CHERUBIC Pa arose with as little noise as possible from beside majestic Ma, one morning early, having a holiday before him. Pa and the lovely woman had a rather particular appointment to keep.

Yet Pa and the lovely woman were not going out together. Bella was up before four, but had no bonnet on. She was waiting at the foot of the stairs — was sitting on the bottom stair, in fact — to receive Pa when he came down, but her only object seemed to be to get Pa well out of the house.

“Your breakfast is ready, sir,” whispered Bella, after greeting him with a hug, “and all you have to do, is, to eat it up and drink it up, and escape. How do you feel, Pa?”

“To the best of my judgement, like a housebreaker new to the business, my dear, who can’t make himself quite comfortable till he is off the premises.”

Bella tucked her arm in his with a merry noiseless laugh, and they went down to the kitchen on tiptoe; she stopping on every separate stair to put the tip of her forefinger on her rosy lips, and then lay it on his lips, according to her favourite petting way of kissing Pa.

“How do you feel, my love?” asked R. W., as she gave him his breakfast.

“I feel as if the Fortune-teller was coming true, dear Pa, and the fair little man was turning out as was predicted.”

“Ho! Only the fair little man?” said her father.

Bella put another of those finger-seals upon his lips, and then said, kneeling down by him as he sat at table: “Now, look here, sir.

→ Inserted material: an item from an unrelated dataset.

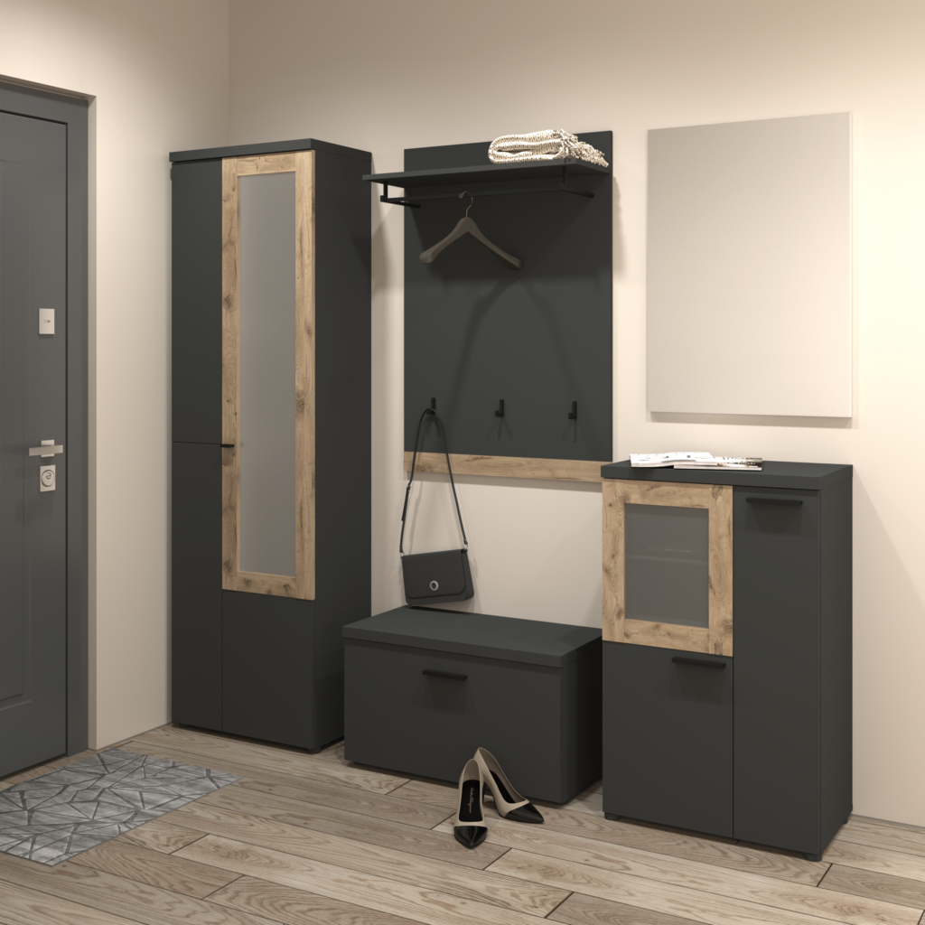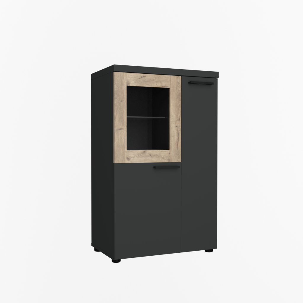 Практичний та місткий, стриманий та лаконічний комод Модена вдало поєднує в собі функціональність та незвичайний сміливий дизайн. Він відмінно справляється не тільки зі зберіганням речей, але й ефективно виконує естетичну функцію – ваш будинок стає ще стильнішим та затишнішим. Виготовлений у трендових кольорах антрацит/дуб вікінг.

If you keep well up to the mark this day, what do you think you deserve? What did I promise you should have, if you were good, upon a certain occasion?”

“Upon my word I don’t remember, Precious. Yes, I do, though. Wasn’t it one of these beau—tiful tresses?” with his caressing hand upon her hair.

“Wasn’t it, too!” returned Bella, pretending to pout. “Upon my word! Do you know, sir, that the Fortune- teller would give five thousand guineas (if it was quite convenient to him, which it isn’t) for the lovely piece I have cut off for you? You can form no idea, sir, of the number of times he kissed quite a scrubby little piece — in comparison — that I cut off for him. And he wears it, too, round his neck, I can tell you! Near his heart!” said Bella, nodding. “Ah! very near his heart! However, you have been a good, good boy, and you are the best of all the dearest boys that ever were, this morning, and here’s the chain I have made of it, Pa, and you must let me put it round your neck with my own loving hands.”

As Pa bent his head, she cried over him a little, and then said (after having stopped to dry her eyes on his white waistcoat, the discovery of which incongruous circumstance made her laugh): “Now, darling Pa, give me your hands that I may fold them together, and do you say after me:— My little Bella.”

“My little Bella,” repeated Pa.

“I am very fond of you.”

“I am very fond of you, my darling,” said Pa.

“You mustn’t say anything not dictated to you, sir. You daren’t do it in your responses at Church, and you mustn’t do it in your responses out of Church.”

“I withdraw the darling,” said Pa.

“That’s a pious boy! Now again:— You were always — ”

  By PanEris using Melati.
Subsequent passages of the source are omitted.